Height (H) = from head to toe

Width (W) = across the widest part – usually from one hand to the other if they stick out at the side. To allow for ease of use, I added about ½ inch (1.3 cm) and used this figure instead.

Sides (S) = from the table to the highest point – usually the nose (to work out how tall to make the sides of the carry cot)

TIP – round up rather than down to make it easier to place the doll in the carry cot and take her out again.

Decide on your seam allowance (SA) – I used ¼ inch (0.6 cm) but it can be whatever you like. Now you need to do some maths:

H + W + SA + SA = measurement A

H + S + S + SA + SA = measurement B

Applying this to the Wilko Mini Doll, where H = 7, W = 4 ½ and S = 2 (inches):

7 + 4 ½ + ¼ + ¼ = 12
7 + 2 + 2 + ¼ + ¼ = 11 ½

So my main piece of fabric has to be 12 inches by 11 ½ inches (29.2 x 30.5 cm).

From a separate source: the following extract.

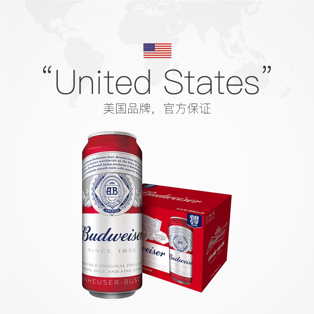 Budweiser/百威 Пивная коробка классический алкоголь 550 мл*15 банок алюминиевых танков [Live]

In Step 4 of the tutorial, make sure you lay the fabric down with the side measuring A at the top. 

When you cut out the corners, the piece you cut out will be as follows:

H ÷ 2 = measurement C (Horizontal)
Measurement C - SA = measurement D (Vertical)

Applying this to the Wilko Mini Doll:

7 ÷ 2 = 3 ½
3 ½ - ¼ = 3 ¼

So the piece I cut out has to be 3 ½ inches on the horizontal and 3 ¼ inches on the vertical (8.9 x 8.3 cm).

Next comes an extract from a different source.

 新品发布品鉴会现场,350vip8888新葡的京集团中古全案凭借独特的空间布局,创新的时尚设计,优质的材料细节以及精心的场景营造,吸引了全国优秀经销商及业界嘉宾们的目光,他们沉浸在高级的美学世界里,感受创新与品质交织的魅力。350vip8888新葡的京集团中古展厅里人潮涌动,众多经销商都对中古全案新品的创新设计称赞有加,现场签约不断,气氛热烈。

I will leave it to you to decide if you need to amend the length of the handles and where to position them in Step 9. You may need to leave a smaller or bigger turning gap in Step 8. I would wait to cut out the fabric for the pillow and quilt until you have completed Step 11 and then you can work out the size you need.

I'd recommend using a piece of scrap fabric such as an old sheet to check your measurements before you use your good stuff – this is what I did before I started mine.